Second, and easily addressable if only the will was there, is the public messaging effect: politicians – and to some extent celebrities – have consistently told the public that marriage is unimportant. In 2017, Marriage Foundation research found that it had been a decade since a cabinet member had discussed marriage in a speech. This has hardly changed in the years since. In 2024, the only major party whose manifesto even mentioned marriage was Reform; even then the focus in the relevant section seemed to be less on marriage and more on getting ‘people trapped on benefits back into the workplace’. 

Third is the cost of weddings. A quick flick through top wedding magazines suggests that the average wedding costs upwards of £20,000. Survey evidence from both Marriage Foundation and the Thriving Center of Psychology have found that most young people view weddings as unrealistically expensive. 

This financial problem is solvable: much of the costs relate to venue hire. Unless they are having a religious marriage, a couple will need to find a venue that has gone through the bureaucratic process of becoming an ‘approved premises’. The cheapest of these are register offices which, including all expenses, still cost about £500. 
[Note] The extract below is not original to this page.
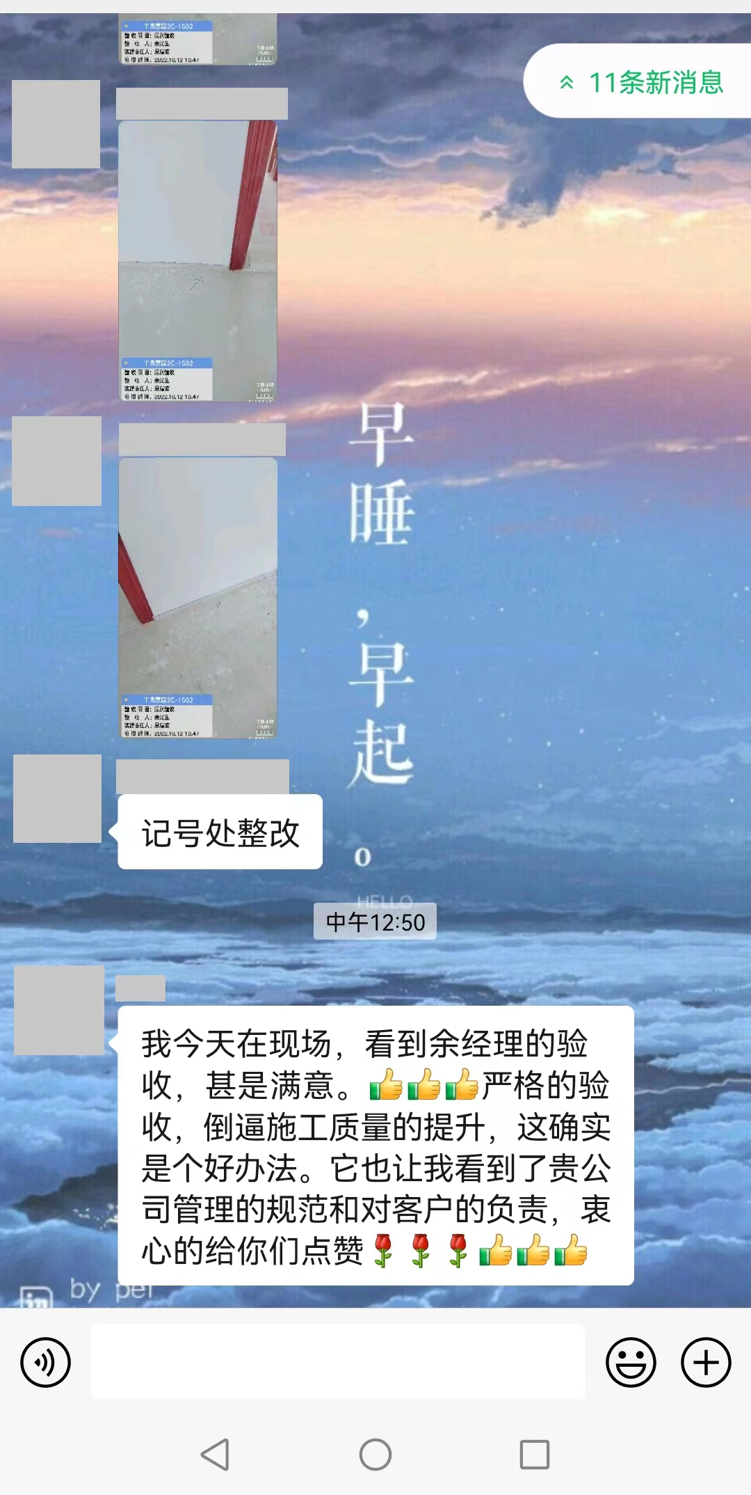 我今天在現(xiàn)場,看到余經(jīng)理的驗收,甚是滿意。嚴格的驗收,倒逼施工質(zhì)量的提升,這確實是個好辦法,這也讓我看到了貴公司管理的規(guī)范和對客戶負責,衷心的給你們點贊!
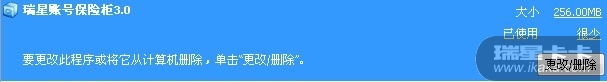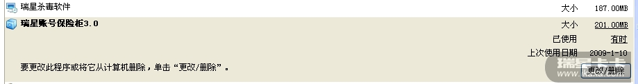 最近无意间看到控制面板里面的添加或删除程序里面的瑞星帐号保险柜的大小是201MB而瑞星杀软09的大小只有187MB怎么会出现这情况啊为什么杀软的大小还没一个组件大容量大啊不过说了上图

This is eminently mendable. The Law Commission proposal to reorganise wedding law around the officiant, not the venue, opens the door for a future of more affordable weddings by removing the regulatory barrier. It will also bring the law in line with that of other home nations. 
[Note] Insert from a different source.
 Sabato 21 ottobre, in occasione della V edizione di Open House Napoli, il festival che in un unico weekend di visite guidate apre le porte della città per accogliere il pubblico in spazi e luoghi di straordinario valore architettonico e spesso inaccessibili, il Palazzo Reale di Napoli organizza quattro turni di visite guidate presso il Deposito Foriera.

This proposal will not work by itself, though, it will need to be supported by creativity in wedding planning.  

Wedding costs can be substantially reduced by taking a DIY approach. Food, drinks, and decorations can often be coordinated amongst enthusiastic (and appropriately competent!) guests.  

Booze free weddings are a growing phenomenon, and especially good for weddings with children.  

Such ‘group-effort’ approaches often have a unique feel thanks to the high participation of guests, and people are more likely to remember events that they feel a sense of ownership of, having helped make them happen. 

Alongside this is a recommendation by the Centre for Social Justice. It proposes subsidising the necessary statutory fees for the poorest couples, up to £550 per couple. An inexpensive and hugely beneficial adjustment to improve wedding accessibility for the least fortunate.  

Stable families are foundational to a stable society, and marriage is crucial to stable families; perhaps it is time for all of us to make tying the knot easier.